[RECORDS FOR THE TASK]
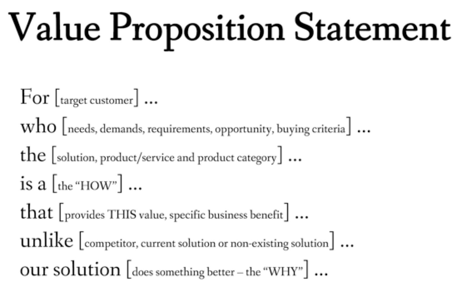 - A B2B value proposition is not a tagline or mission statement — it's a precise statement of who you help, what problem you solve, and what measurable outcome you deliver.
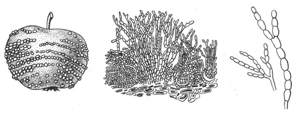 1. Рассмотреть пораженное яблоко. Отметить подушечки с конидиями (конидиальное спороношение типа Monilia).
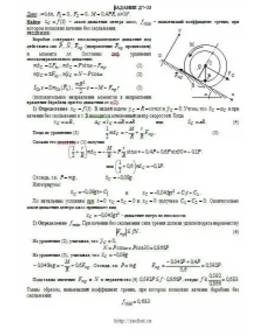 Барабан радиуса R весом P имеет выточку (как у катушки) радиуса r = 0,6R (рис. Д7.0 — Д7.9, табл. Д7). К концам намотанных на барабан нитей приложены постоянные силы F1 и F2, направления которых определяются углом β; кроме сил на барабан действует пара с моментом М; когда в таблице М<0, направление момента противоположно показанному на рисунке. При движении, начинающемся из состояния покоя, барабан катится без скольжения по шероховатой наклонной плоскости с углом наклона α так, как показано на рисунках. Пренебрегая сопротивлением качению, определить закон движения центра масс С барабана, т. е. xC = f(t), и наименьшее значение коэффициента трения f о плоскость, при котором возможно качение без скольжения. Барабан рассматривать как сплошной однородный цилиндр радиуса R.
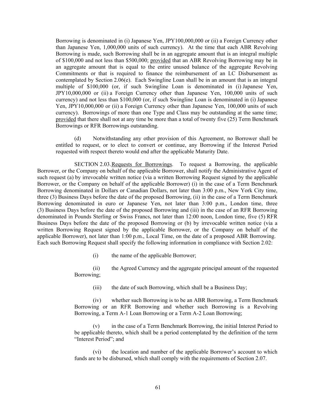 Borrowing is denominated in (i) Japanese Yen, JPY100,000,000 or (ii) a Foreign Currency other than Japanese Yen, 1,000,000 units of such currency). At the time that each ABR Revolving Borrowing is made, such Borrowing shall be in an aggregate amount that is an integral multiple of $100,000 and not less than $500,000; provided that an ABR Revolving Borrowing may be in an aggregate amount that is equal to the entire unused balance of the aggregate Revolving Commitments or that is required to finance the reimbursement of an LC Disbursement as contemplated by Section 2.06(e). Each Swingline Loan shall be in an amount that is an integral multiple of $100,000 (or, if such Swingline Loan is denominated in (i) Japanese Yen, JPY10,000,000 or (ii) a Foreign Currency other than Japanese Yen, 100,000 units of such currency) and not less than $100,000 (or, if such Swingline Loan is denominated in (i) Japanese Yen, JPY10,000,000 or (ii) a Foreign Currency other than Japanese Yen, 100,000 units of such currency). Borrowings of more than one Type and Class may be outstanding at the same time; provided that there shall not at any time be more than a total of twenty five (25) Term Benchmark Borrowings or RFR Borrowings outstanding. (d) Notwithstanding any other provision of this Agreement, no Borrower shall be entitled to request, or to elect to convert or continue, any Borrowing if the Interest Period requested with respect thereto would end after the applicable Maturity Date. SECTION 2.03.Requests for Borrowings. To request a Borrowing, the applicable Borrower, or the Company on behalf of the applicable Borrower, shall notify the Administrative Agent of such request (a) by irrevocable written notice (via a written Borrowing Request signed by the applicable Borrower, or the Company on behalf of the applicable Borrower) (i) in the case of a Term Benchmark Borrowing denominated in Dollars or Canadian Dollars, not later than 3:00 p.m., New York City time, three (3) Business Days before the date of the proposed Borrowing, (ii) in the case of a Term Benchmark Borrowing denominated in euro or Japanese Yen, not later than 3:00 p.m., London time, three (3) Business Days before the date of the proposed Borrowing and (iii) in the case of an RFR Borrowing denominated in Pounds Sterling or Swiss Francs, not later than 12:00 noon, London time, five (5) RFR Business Days before the date of the proposed Borrowing or (b) by irrevocable written notice (via a written Borrowing Request signed by the applicable Borrower, or the Company on behalf of the applicable Borrower), not later than 1:00 p.m., Local Time, on the date of a proposed ABR Borrowing. Each such Borrowing Request shall specify the following information in compliance with Section 2.02: (i) the name of the applicable Borrower; (ii) the Agreed Currency and the aggregate principal amount of the requested Borrowing; (iii) the date of such Borrowing, which shall be a Business Day; (iv) whether such Borrowing is to be an ABR Borrowing, a Term Benchmark Borrowing or an RFR Borrowing and whether such Borrowing is a Revolving Borrowing, a Term A-1 Loan Borrowing or a Term A-2 Loan Borrowing; (v) in the case of a Term Benchmark Borrowing, the initial Interest Period to be applicable thereto, which shall be a period contemplated by the definition of the term “Interest Period”; and (vi) the location and number of the applicable Borrower’s account to which funds are to be disbursed, which shall comply with the requirements of Section 2.07. 61
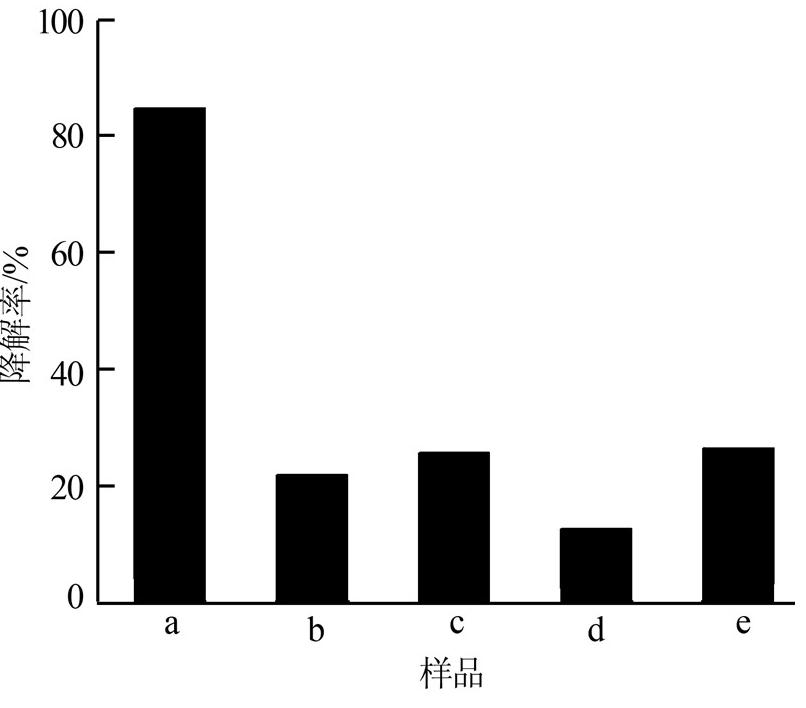 注:a—不加清除劑,b—異丙醇,c—草酸銨,d—對(duì)苯醌,e—過氧化氫。
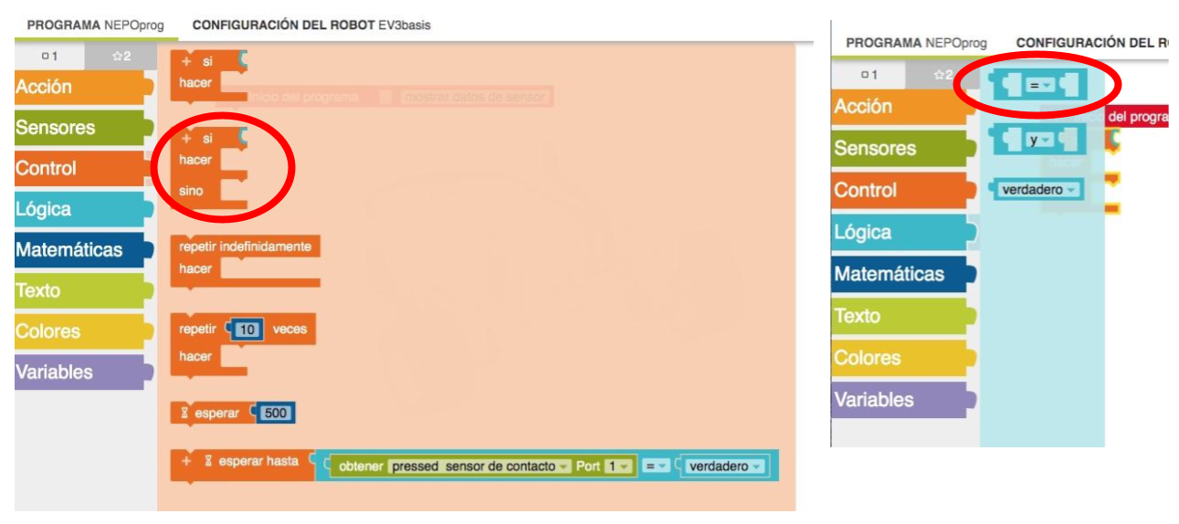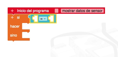 Este bloque está dentro de 'Control'. Para saber cuál es el estado de nuestro sensor de color, tenemos que añadir en la línea del SI, un bloque lógica.
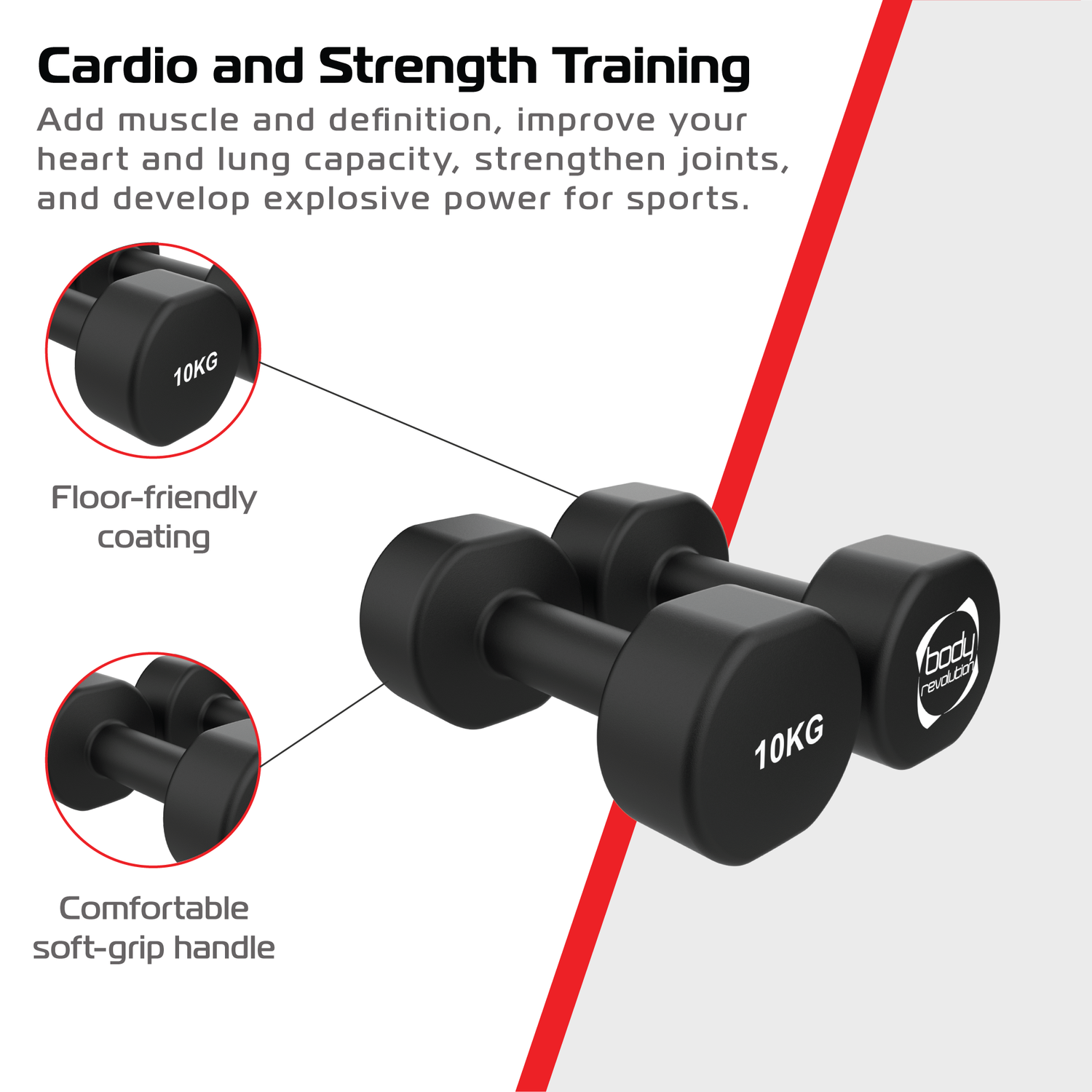 Til je training naar een hoger niveau met deze set neopreen dumbbells van 2 x 10 kg.

[WHAT YOU HAVE TO DO] Leaving every picture out, please copy exactly the lines from the one holding "注:a—不加清除劑,b—異丙" through the last line of the listing, both ends included.

[SOLUTION FOR THIS TASK]
 注:a—不加清除劑,b—異丙醇,c—草酸銨,d—對(duì)苯醌,e—過氧化氫。
 Este bloque está dentro de 'Control'. Para saber cuál es el estado de nuestro sensor de color, tenemos que añadir en la línea del SI, un bloque lógica.
 Til je training naar een hoger niveau met deze set neopreen dumbbells van 2 x 10 kg.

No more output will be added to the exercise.